WHAT YOU ARE ASKED TO DO:
Would you give back exactly the lines from the line with "В это время" through the end of the entries below, both included, but none of the pictures?

GIVEN RECORDS:
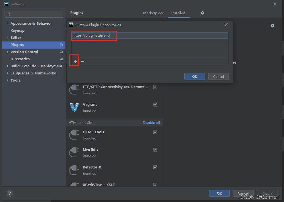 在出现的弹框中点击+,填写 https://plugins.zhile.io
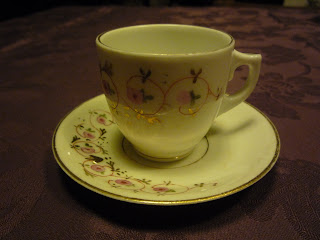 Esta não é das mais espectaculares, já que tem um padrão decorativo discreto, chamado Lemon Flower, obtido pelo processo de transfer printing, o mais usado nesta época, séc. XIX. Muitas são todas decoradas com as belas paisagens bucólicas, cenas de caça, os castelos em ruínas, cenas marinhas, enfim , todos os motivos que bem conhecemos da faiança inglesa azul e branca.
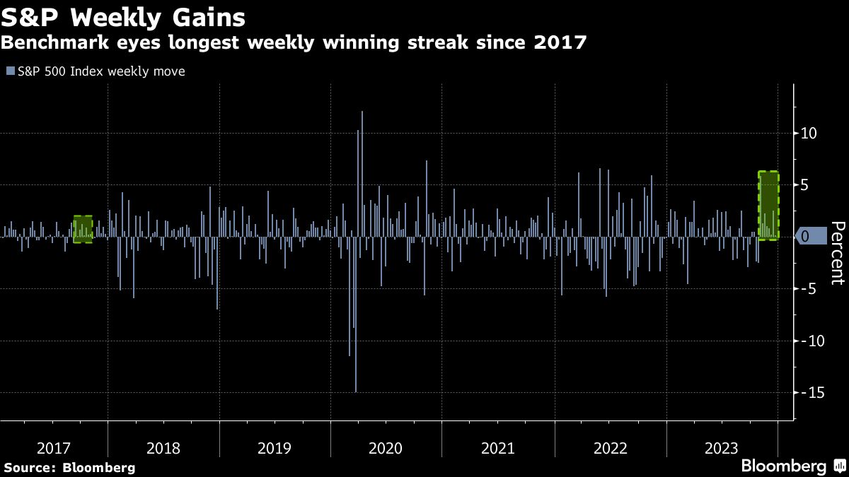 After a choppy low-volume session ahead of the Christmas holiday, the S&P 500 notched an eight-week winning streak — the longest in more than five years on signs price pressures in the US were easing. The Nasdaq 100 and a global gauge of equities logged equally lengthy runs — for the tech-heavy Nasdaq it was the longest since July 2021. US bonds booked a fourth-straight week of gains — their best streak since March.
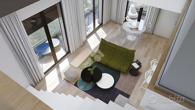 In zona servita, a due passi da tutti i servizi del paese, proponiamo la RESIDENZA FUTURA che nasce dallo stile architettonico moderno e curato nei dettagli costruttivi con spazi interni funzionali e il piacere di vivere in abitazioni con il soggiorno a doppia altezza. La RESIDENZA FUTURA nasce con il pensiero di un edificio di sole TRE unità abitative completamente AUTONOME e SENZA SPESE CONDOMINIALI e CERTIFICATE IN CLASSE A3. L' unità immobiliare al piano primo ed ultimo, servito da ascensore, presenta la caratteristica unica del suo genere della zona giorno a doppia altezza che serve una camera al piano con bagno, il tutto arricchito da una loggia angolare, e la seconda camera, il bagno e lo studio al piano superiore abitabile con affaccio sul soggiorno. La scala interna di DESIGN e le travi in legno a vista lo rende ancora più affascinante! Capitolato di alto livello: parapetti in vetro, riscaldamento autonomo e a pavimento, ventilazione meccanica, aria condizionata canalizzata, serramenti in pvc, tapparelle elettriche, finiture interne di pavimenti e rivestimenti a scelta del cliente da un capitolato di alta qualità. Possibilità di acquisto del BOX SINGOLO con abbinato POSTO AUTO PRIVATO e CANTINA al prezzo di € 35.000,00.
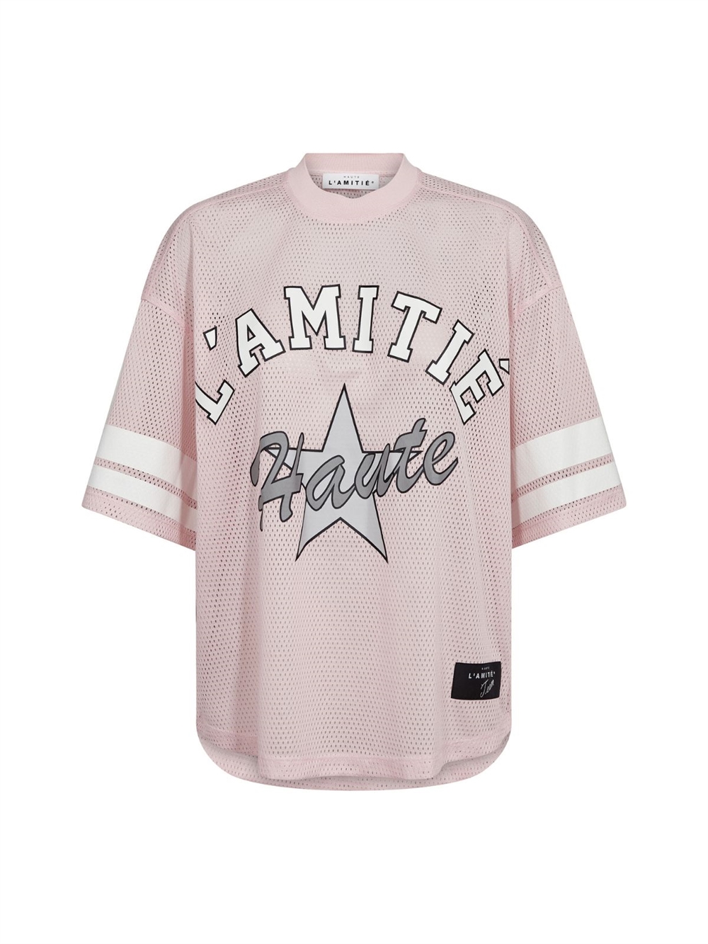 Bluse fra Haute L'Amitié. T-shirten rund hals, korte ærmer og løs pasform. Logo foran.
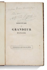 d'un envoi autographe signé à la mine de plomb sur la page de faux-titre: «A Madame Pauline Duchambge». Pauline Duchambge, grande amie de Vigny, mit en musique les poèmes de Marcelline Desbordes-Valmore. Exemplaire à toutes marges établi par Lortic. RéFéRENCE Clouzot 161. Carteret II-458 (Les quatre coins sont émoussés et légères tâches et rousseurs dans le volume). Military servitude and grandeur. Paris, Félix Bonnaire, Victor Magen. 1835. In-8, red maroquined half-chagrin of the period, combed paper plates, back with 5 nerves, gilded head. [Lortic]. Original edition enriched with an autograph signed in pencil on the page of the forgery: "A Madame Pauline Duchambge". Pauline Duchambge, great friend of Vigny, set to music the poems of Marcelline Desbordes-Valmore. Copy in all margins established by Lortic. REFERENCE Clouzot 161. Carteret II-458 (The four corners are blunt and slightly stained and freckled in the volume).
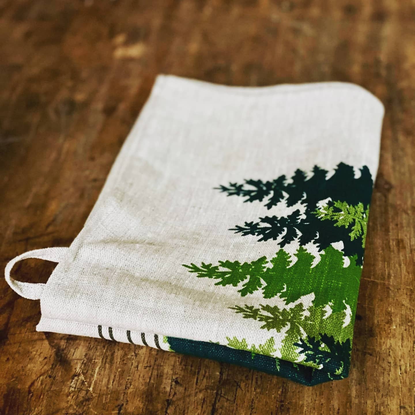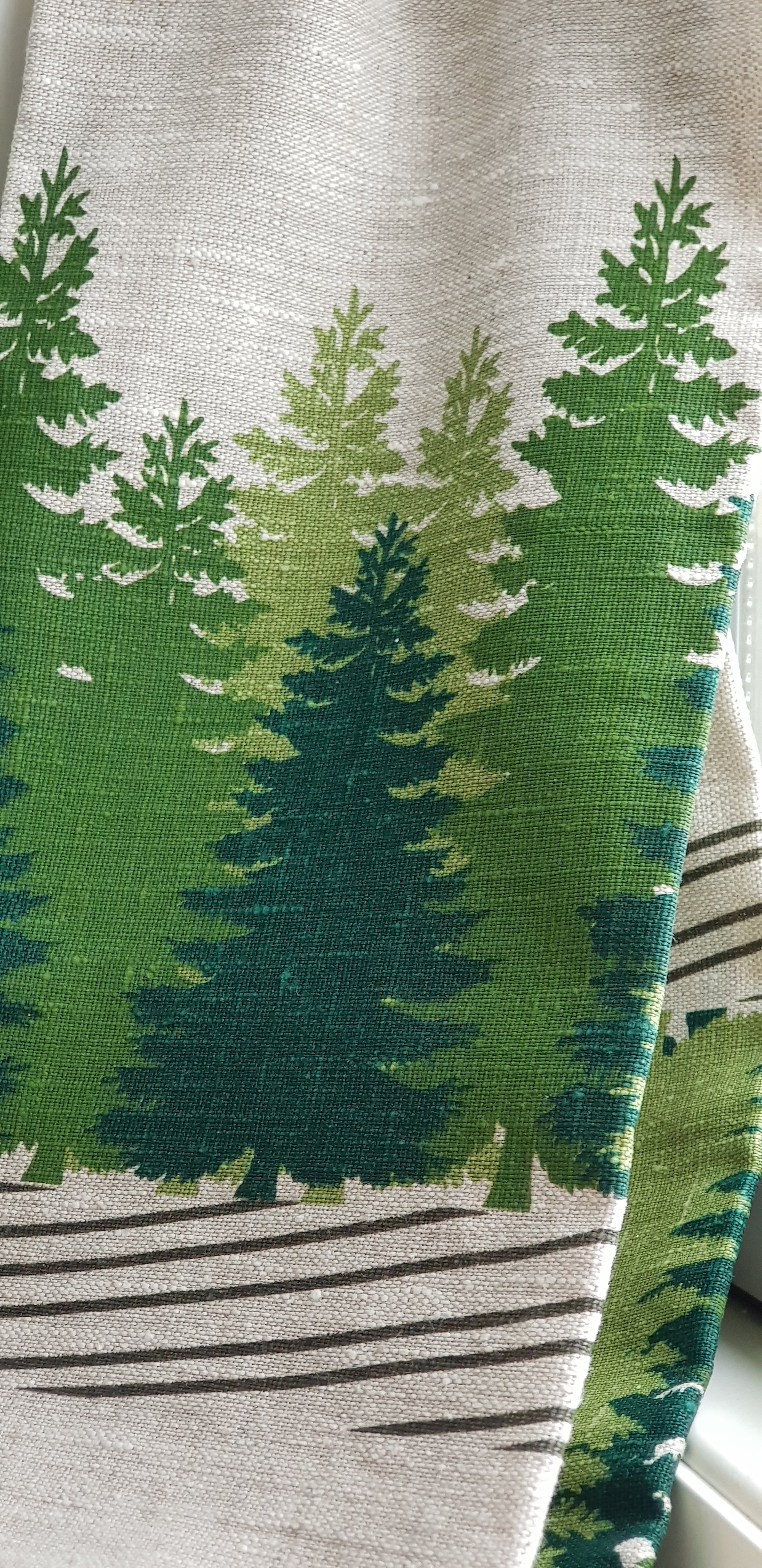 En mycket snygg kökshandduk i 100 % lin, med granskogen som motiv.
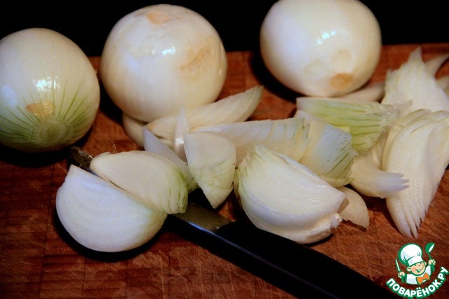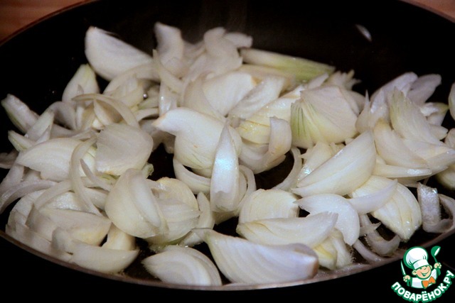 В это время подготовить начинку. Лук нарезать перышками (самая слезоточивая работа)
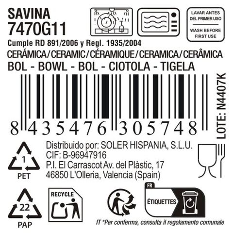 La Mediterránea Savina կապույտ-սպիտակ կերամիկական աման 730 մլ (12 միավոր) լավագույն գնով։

WRITTEN REPLY:
 В это время подготовить начинку. Лук нарезать перышками (самая слезоточивая работа)
 La Mediterránea Savina կապույտ-սպիտակ կերամիկական աման 730 մլ (12 միավոր) լավագույն գնով։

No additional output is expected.